17
Jun
A quote from last week’s email from the professor for this course:
THINKING ABOUT BLOGGING
As we hit the midway point of this course, it may be valuable to you to blog about blogging: what is it like to write online about your writing, in this (somewhat) public way? Have you blogged before this course? Why or why not? How does knowing you are going to blog about these books affect your reading?
I said in a separate conversation with the professor that I’ve been blogging since before blog was a word. That may be a slight exaggeration. I have definitely been blogging since before blogging was a profession. The word blog, short for weblog, came around in the days of online diaries. The anonymous over-sharing that came around first on people’s private web pages, then on sites such as livejournal, myspace, friendster, xanga, tumblr, wordpress, facebook, twitter, and whatever else will come in the future. I’ve watched platforms come and go. I’ve watched online friends come and go. I’ve followed the lives of people I’ve never met, and people who have never met me followed my life.

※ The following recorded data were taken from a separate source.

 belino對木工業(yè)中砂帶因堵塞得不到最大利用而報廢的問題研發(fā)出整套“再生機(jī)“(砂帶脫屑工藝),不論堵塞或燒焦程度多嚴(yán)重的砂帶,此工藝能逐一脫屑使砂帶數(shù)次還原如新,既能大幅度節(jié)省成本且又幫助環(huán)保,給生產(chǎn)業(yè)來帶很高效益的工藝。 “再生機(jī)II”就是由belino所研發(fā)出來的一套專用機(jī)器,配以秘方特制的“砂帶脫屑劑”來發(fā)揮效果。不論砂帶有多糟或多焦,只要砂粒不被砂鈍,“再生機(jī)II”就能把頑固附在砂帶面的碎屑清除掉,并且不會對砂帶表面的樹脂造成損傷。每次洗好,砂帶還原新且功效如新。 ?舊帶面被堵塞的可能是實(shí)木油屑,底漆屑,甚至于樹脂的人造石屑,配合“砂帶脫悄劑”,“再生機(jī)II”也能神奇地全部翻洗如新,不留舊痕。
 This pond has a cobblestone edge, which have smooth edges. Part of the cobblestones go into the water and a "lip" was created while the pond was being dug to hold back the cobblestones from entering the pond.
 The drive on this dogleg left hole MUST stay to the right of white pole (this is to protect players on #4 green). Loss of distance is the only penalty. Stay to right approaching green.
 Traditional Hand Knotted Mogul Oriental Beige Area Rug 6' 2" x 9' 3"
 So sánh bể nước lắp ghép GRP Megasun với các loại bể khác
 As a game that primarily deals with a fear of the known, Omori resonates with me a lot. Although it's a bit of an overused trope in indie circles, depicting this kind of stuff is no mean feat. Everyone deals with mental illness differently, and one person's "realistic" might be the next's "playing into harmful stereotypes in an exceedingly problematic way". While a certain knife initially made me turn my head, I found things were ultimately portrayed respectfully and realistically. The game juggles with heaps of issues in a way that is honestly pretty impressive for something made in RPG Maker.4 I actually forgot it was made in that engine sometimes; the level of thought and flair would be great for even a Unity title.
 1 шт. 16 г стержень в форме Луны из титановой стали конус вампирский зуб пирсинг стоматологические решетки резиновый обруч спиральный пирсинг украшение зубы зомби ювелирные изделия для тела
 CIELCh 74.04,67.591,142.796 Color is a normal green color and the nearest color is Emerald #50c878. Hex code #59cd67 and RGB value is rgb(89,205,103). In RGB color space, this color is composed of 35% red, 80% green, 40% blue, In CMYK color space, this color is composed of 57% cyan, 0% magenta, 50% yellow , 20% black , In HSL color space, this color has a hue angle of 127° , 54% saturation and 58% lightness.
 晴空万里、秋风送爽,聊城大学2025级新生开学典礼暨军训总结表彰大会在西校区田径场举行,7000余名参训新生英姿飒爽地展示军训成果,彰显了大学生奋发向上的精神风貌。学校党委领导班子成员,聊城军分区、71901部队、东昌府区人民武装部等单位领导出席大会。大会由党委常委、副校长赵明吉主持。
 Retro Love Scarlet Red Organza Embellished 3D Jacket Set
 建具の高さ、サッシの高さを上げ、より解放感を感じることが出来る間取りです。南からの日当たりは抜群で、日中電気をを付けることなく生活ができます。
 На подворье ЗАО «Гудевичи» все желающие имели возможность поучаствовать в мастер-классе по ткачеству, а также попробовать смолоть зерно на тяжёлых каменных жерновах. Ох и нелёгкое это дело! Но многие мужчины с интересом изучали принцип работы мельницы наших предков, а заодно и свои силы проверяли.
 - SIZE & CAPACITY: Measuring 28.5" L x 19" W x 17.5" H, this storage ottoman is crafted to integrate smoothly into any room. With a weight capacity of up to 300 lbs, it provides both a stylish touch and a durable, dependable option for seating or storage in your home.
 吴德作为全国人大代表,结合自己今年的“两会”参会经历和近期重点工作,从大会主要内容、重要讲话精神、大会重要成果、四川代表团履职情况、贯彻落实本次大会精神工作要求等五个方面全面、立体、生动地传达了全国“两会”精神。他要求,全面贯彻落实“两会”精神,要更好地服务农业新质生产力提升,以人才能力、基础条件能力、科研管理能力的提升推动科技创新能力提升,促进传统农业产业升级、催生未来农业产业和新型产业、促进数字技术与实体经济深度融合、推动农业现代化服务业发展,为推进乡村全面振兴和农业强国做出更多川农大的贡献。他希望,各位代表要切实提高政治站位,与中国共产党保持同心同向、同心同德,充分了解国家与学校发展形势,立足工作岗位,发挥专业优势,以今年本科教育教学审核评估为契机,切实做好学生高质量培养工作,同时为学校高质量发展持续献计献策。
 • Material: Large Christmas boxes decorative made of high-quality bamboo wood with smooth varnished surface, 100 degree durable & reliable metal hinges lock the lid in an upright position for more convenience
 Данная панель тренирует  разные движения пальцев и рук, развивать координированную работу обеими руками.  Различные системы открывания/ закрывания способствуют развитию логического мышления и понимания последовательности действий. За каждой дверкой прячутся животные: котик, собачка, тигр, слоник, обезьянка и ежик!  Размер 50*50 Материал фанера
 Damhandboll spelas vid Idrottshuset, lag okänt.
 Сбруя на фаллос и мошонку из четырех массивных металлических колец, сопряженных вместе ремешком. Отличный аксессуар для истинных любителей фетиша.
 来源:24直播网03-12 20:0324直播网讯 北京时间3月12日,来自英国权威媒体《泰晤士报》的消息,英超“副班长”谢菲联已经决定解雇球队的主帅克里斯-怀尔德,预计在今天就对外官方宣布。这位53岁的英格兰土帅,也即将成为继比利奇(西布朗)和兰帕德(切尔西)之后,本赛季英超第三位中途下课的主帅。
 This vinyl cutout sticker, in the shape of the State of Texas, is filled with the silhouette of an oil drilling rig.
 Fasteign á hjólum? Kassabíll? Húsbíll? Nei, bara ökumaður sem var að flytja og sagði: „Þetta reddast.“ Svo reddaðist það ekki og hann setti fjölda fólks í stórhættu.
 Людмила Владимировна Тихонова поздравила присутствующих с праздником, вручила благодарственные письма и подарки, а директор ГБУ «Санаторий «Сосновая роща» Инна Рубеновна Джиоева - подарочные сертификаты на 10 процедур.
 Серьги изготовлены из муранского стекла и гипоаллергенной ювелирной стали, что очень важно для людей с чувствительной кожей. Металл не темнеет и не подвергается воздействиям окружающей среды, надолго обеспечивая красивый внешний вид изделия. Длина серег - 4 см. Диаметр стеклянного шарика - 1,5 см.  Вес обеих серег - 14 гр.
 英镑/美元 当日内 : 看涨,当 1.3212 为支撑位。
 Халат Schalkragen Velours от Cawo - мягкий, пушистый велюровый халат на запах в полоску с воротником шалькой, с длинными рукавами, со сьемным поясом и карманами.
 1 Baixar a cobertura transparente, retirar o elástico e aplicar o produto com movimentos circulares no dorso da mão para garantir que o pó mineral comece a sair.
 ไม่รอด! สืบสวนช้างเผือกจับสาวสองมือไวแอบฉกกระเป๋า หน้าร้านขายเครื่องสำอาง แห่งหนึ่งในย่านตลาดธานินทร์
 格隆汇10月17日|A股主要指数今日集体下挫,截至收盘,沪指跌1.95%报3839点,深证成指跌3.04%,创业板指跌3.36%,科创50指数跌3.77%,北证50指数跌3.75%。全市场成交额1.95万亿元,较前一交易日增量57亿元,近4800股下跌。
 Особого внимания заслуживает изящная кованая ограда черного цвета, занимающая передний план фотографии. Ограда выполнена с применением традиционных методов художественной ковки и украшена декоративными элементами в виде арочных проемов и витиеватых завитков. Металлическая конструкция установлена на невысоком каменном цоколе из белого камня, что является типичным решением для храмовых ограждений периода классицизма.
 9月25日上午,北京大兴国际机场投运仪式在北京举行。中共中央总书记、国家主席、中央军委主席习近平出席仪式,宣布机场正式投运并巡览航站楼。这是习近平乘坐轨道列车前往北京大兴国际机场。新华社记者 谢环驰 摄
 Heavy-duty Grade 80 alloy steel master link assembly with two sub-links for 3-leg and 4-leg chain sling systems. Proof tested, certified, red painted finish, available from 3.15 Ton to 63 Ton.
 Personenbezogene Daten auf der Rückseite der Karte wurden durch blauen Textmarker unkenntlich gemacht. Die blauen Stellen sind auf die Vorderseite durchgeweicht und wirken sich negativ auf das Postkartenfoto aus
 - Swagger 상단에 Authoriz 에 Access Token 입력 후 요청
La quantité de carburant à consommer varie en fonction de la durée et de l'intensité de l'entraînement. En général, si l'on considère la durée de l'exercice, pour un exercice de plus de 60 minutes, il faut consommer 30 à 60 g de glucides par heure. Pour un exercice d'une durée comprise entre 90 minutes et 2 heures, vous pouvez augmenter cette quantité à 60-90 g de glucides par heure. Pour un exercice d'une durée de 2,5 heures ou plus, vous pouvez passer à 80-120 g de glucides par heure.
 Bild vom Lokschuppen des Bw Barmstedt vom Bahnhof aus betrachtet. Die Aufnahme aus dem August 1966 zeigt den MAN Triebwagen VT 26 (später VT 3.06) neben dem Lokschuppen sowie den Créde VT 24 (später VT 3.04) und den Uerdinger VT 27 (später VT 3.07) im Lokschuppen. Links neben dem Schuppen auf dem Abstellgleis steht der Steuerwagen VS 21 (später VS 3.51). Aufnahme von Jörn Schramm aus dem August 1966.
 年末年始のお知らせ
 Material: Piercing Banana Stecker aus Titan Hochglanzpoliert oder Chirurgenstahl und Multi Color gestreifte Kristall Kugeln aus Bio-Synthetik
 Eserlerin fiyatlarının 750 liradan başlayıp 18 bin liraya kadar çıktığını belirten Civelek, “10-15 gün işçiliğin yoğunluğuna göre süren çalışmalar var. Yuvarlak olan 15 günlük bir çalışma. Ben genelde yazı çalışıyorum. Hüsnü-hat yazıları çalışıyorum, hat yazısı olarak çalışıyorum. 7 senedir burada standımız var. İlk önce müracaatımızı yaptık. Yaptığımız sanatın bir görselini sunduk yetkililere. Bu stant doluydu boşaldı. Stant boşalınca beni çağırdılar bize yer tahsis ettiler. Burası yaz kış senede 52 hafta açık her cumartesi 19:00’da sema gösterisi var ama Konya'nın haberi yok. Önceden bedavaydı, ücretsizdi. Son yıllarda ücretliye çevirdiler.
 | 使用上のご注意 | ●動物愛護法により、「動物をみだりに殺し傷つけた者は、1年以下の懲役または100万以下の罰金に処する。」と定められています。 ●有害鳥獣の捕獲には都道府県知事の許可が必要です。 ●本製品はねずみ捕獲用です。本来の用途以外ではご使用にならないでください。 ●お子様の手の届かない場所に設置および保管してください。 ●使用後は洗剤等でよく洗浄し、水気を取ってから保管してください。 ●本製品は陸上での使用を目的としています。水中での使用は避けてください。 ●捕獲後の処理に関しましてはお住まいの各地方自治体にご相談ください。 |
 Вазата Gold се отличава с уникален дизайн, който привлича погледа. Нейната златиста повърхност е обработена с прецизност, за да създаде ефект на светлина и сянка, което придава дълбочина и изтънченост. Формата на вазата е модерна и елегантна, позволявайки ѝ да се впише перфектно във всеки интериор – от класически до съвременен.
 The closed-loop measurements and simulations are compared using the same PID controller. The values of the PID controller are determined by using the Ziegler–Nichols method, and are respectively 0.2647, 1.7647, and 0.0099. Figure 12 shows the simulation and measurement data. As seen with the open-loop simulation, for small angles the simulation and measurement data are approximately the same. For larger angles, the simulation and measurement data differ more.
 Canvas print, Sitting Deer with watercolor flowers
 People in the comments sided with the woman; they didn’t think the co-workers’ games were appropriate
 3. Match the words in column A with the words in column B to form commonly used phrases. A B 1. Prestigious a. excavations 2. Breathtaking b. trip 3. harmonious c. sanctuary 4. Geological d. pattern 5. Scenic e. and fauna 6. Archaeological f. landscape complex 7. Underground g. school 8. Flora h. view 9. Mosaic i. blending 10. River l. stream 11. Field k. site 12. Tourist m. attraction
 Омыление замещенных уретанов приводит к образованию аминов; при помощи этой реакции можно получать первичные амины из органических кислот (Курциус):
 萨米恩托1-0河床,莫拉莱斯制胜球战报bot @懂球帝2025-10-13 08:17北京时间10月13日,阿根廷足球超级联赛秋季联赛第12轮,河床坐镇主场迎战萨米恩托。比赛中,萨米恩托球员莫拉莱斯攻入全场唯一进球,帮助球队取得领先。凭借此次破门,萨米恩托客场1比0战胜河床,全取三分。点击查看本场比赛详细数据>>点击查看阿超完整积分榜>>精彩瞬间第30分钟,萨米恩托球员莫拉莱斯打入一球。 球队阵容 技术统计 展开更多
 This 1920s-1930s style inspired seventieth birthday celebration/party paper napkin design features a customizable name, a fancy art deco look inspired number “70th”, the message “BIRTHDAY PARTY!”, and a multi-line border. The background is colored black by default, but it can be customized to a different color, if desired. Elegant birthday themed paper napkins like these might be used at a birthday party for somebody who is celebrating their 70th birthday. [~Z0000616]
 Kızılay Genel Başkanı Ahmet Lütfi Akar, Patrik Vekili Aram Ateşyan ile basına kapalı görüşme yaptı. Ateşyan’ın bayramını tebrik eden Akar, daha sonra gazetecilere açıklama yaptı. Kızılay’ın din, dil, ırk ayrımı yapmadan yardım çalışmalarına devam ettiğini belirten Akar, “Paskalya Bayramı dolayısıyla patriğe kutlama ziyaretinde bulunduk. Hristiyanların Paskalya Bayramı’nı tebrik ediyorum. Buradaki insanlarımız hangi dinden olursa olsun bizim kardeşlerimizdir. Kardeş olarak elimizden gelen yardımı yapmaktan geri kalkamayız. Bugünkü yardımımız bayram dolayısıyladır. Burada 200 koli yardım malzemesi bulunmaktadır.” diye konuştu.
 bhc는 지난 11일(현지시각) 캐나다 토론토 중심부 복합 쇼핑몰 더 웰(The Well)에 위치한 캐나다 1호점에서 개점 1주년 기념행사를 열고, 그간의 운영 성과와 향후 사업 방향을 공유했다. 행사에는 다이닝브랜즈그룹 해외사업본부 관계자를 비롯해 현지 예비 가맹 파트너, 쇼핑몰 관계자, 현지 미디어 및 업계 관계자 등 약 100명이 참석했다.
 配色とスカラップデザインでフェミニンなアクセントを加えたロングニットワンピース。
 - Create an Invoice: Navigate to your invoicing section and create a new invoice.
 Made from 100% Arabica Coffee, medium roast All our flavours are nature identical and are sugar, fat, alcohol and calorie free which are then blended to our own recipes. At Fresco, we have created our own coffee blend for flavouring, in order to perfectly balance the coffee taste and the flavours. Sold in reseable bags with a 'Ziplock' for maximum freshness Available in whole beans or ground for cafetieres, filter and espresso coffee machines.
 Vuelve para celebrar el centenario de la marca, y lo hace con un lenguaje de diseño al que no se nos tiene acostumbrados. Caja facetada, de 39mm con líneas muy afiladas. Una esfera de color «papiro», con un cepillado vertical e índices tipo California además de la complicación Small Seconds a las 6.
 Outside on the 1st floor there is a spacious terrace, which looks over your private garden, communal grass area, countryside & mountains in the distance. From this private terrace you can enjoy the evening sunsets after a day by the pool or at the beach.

Look at the side-bar. There are posts dating back to 2000. They were backdated on this wordpress (installed 2007) but have been part of my life, my site, since the 90s. I’m ancient on the internet. I’ve been making my views known to whoever will read them for 20 years or so. It was new then. I was a nerd for doing it then. It’s just part of life now. Not just for me, but for society in general.
The only manner that knowing I have to blog for this course (and for other course(s) taught by this same professor) is that how much of non-academic me do I want to let bleed into my writing?
- I am used to writing academic papers.
- I am used to writing blogs.
- I am not used to blogging academically.
- I am used to writing gigantic blustery papers that take ages to get the point.
- I am used to writing short, witty responses to media I’ve consumed.
- I am not used to writing short-form responses to things I have read for an academic audience.
This has been a fantastic writing experience for me and I absolutely enjoy it. I don’t know how many people, if any, are really reading any of this (my site stats tell me it’s not many at all—my dealings with Valve’s foreign transaction fees continues to be my most read post). I can only hope that those who come here for my writing for classes stay and read my other writing (and try not to judge to harshly what 15-25 year old me wrote).
17
Jun
In her novel Future Home of the Living God, Louise Erdrich grasps and explains some rather important parts of the apocalypse: Humans known not the scale, and indeed prefer to not know (even with all their clamoring to just know), the scale of the end of life as we know it. The format of the novel as the main character’s journal gives the reader the fog an individual would have—unlike many others that offer flashbacks or other points of view that provide the reader with knowledge that the characters could not possibly know. When a global scale crisis arises, the people immediately become small-minded: looking out for themselves, their families, and little else. Those with power seize control of the military, communication, production, and reproduction. Their agenda is thinly veiled with euphemisms that imply comfort and protection, but masks the abuse of women. The abusers are themselves against what they do but have no choice themselves. No one is winning in this situation, even those that pretend to be in charge. It’s the end of the world, and no one wants to notice.
The focus of the book, however, is an individual’s journey in hiding from those in power, being captured, escaping, being captured again, and ultimately [spoiler alert] not getting away or what she wants. “Finally!” I said to my husband after I finished reading this, “A dystopic novel that doesn’t have a happy ending!” In most stories, there’s some morally gray “happy” ending that gets the main character(s) what they want but with some sort of sacrifice. Here we have a main character that loses everything, and remains that way at the end, with no hope in sight. This is what a reader needs in order to truly understand what the end of the world would be like. No one wins.
Several times within her journal, Cedar (the main character) writes about her future child’s growth, musing over the large numbers and small scale of each bit of growth. She admits that it all seems meaningless, but somehow important at the same time. Just like the end of the world—just like any other hyper-object—it’s too large or to small to comprehend, so she focuses on things that are her size. Her relationships with her moms, her dads, her sister, her grandmother, her “angel”, and the other pregnant women she meets along the way are what drives her. The crisis is endured by all, and so is not a concern that is discussed. It is there, all are aware of it, but every faction moves on their own for their own means. There’s no one group trying to save all of humanity, even those that they they are doing so are trying to create their own world.